Tips: 1) When wading, always shuffle your feet no matter if you are in clear or dirty water. Stingrays are in the bays now and they'll be here for months to come. 2) If theres moving water and it looks deep, your best bet is to wade around or to not go through at all. (the moving water primarily pertains to the areas around San louis pass and any inlets to the bays from the gulf.) 3) Always wade with a friend and if your alone, make sure to minimize any risk of being put in harm. 4) If a shark gets on your stringer of fish you can fight it off, but its probably better to just let the stringer go. 5) DO NOT TIE YOUR STRINGER TO YOUR BELT. Have it in a position that it will be fairly easy to take off incase of sharks, snags, boat props, etc... 6) Invest in the trout support videos, though expensive, they can teach you a lot about the different ways to find the fish 7) get out there as much as possible, learn from friends or guides, and find what works best for you 

Im sure there are many things I left out. And with the lack of info on the post, I am not aware if you know all of this information already. So if you do, sorry for repeating it.

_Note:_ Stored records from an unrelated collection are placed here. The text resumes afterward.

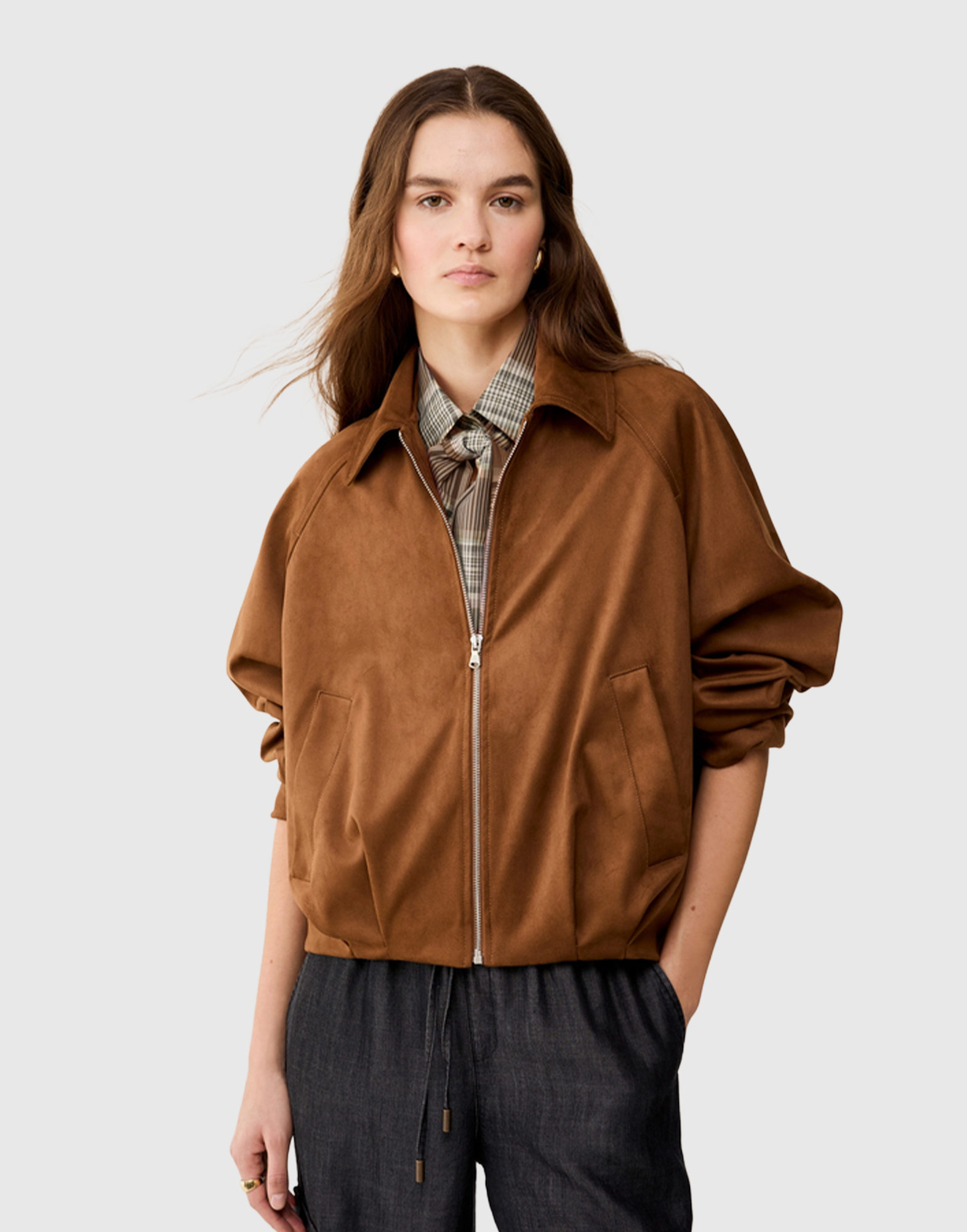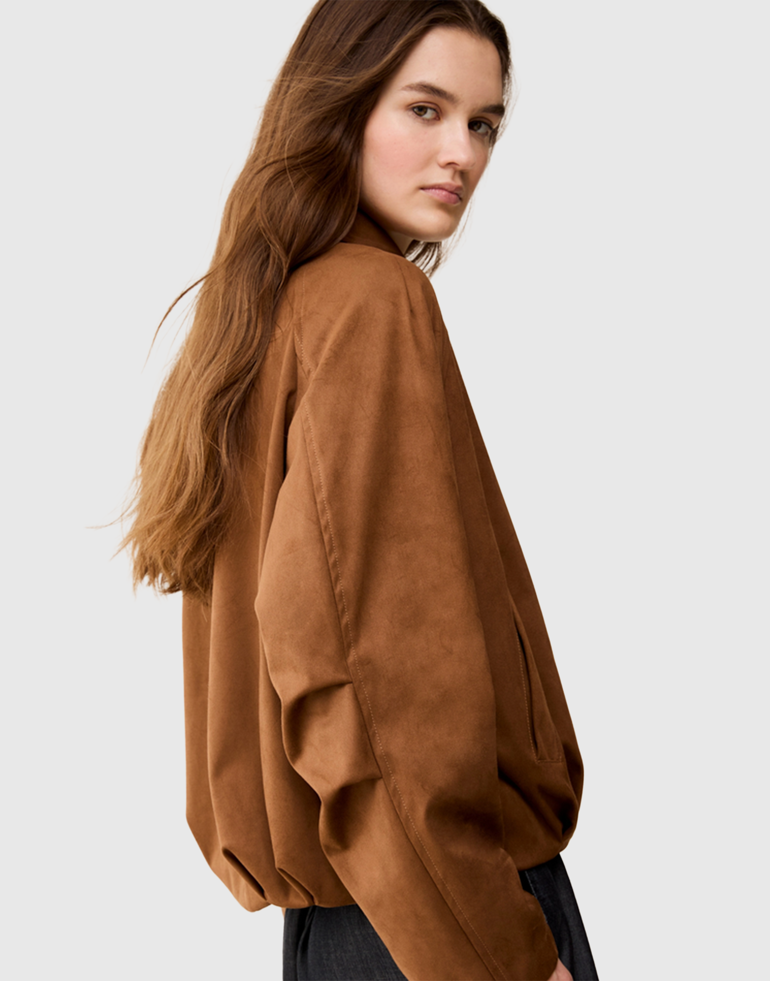 Icona streetwear, il bomber addolcisce il suo carattere grintoso in questa versione: in jersey vellutato, ha volumi mossi da pieghe morbide che ne rinnovano la silhouette.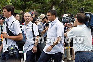 正是這短短的七十米距離給了記者近距離接觸巨星們的機(jī)會。貝克漢姆下車后引起了現(xiàn)場陣陣騷動,現(xiàn)場的攝影記者已經(jīng)全然不顧保安的阻攔,抓住機(jī)會一陣狂拍,而貝克漢姆也十分配合,一直報(bào)以微笑。只是在其身邊的保安阻攔之下,貝克漢姆沒有接受記者的采訪。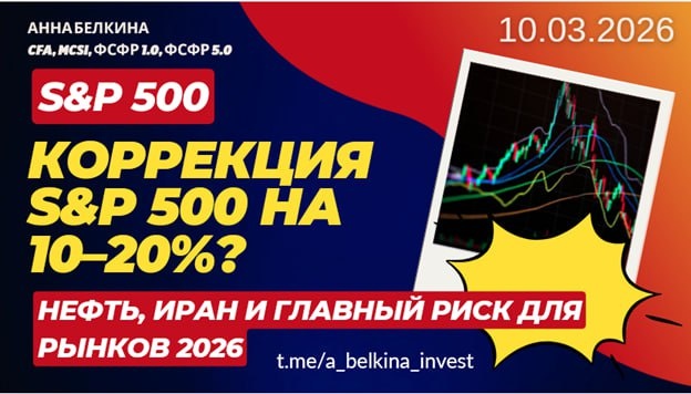 Тема: Коррекция S&P 500 на 10–20%? Нефть, Иран и главный риск для рынков 2026 #sp500 #brent #us10y В этом видео разбираем ключевые макроэкономические риски для рынка акций и возможную коррекцию S&P 500. Обсуждаем конфликт США–Израиль–Иран, влияние роста нефти и возможные перебои поставок через Ормузский пролив, а также заявление Дональда Трампа о возможном скором завершении войны. Может ли это быть вербальной интервенцией для охлаждения нефтяного рынка? Также рассмотрим, какие факторы могут спровоцировать коррекцию американского фондового рынка на 10–20%: рост доходностей Treasuries, перегрев в AI-секторе, торговые конфликты и геополитические риски. Разберём, что происходит сейчас на рынках и какие сценарии могут реализоваться дальше. YouTube |Rutube | VK Видео В закрытом канале в ближайших постах подробнее разберём заявление Трампа о возможном завершении войны и сделаем обновление по рынку газа #gas. Сейчас как раз действует недельная скидка 20% на все тарифы на подписку в честь

I'm no professional, but wade fishing is my passion and I learn new things every day

Hope this helps!


----------



## OnedayScratch (May 23, 2012)

Fish Artie's. Dem hardies don't like plastic.


----------



## Aggie87 (Jun 2, 2010)

I would say look on google earth for changes in the water..reefs, guts, structure, etc.. Structure in the water usually hold bait and the fish come to the bait..while wading look for bait in the water..if there is no active bait around there probably isn't much fish either. slicks and birds help locate fish also..in the summer i like to target the flats and shallows early and then move to the guts..learn how the tides work also..tons of info on here just try to dig up as much as u can


----------



## kenny (May 21, 2004)

Sportfishing29 said:


> Last week, I went wade fishing for the first time. I only caught four hardheads. Any tips for me the newbie into wade fishing.


Time and tides my friend.


----------



## fishnfowler2 (Aug 19, 2013)

*where are you wading??*

You said all you caught were hardheads, I assume the surf or the pass. I wade west bay exclusively, so the only advice I can give would be bay fishing. PM me and I will share some things I have learned over the years.


----------